Michael: Sure. As background, Principal Life Insurance Company has been around for many years, many decades, and obviously as a life insurance company has significant assets under management that need to be managed.1 Previously, that was managed internally by internal investment teams. At one point that platform grew large enough that it was spun out as a separate asset management platform. That platform is what's known today as Principal Asset Management. I'm in the Principal Asset Management platform. One of our largest clients is the life insurance company, Principal Life Insurance Company, and we're all housed under the PFG ticker, which is Principal Financial Group. Principal Asset Management, we have the life insurance company as one of our largest clients, but we have over a thousand third party clients that we also manage assets for now post the spin up.2

Stewart: Wow, that's cool. What can you tell me about the IG private credit market right now? What's been going on with the allocation there? It's an asset class that I'm personally hearing more about. Give me a baseline education here.

Michael: I think historically private placements have been around forever and there has been a large allocation to private credit, but it's increasing in the current market and that has a lot to do with what's going on with interest rates. The rate hike cycle that we've just gone through with the Fed and making those investments more competitive with what we were seeing creep into our space which were: direct lending has been a very exciting spot, and private credit, as well as asset backed investments, and now private placements.
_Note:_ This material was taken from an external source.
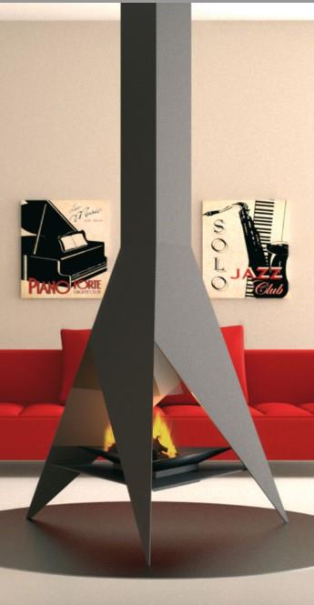 Caminetto centrale aperto in acciaio verniciato antracite ideale per un arredamento modermo minimalista. Modello unico e particolare nella forma che sicuramente valorizzerà il vostro ambiente

Private placements are typically investment grade. When you're talking about direct lending and some of these other alternatives, they can be more risky or volatile— lower credit rating—but they offered higher yield. Some investors moved into those spaces. But now as the market becomes less certain, maybe conversations about: “Is there a recession coming?” “Is the job market slowing?” Investors are looking for: “How can I earn a reasonable risk adjusted yield in something that's a little less risky in the investment grade space?” With private credit, there's various reasons why private credit has a value proposition over public debt and that's what individuals are looking at right now.

Stewart: When you think about the benefits, one of the benefits that I often hear is covenants or protections. Can you talk a little bit about the structure and has that structure evolved over time? Has the structure in those IG privates evolved?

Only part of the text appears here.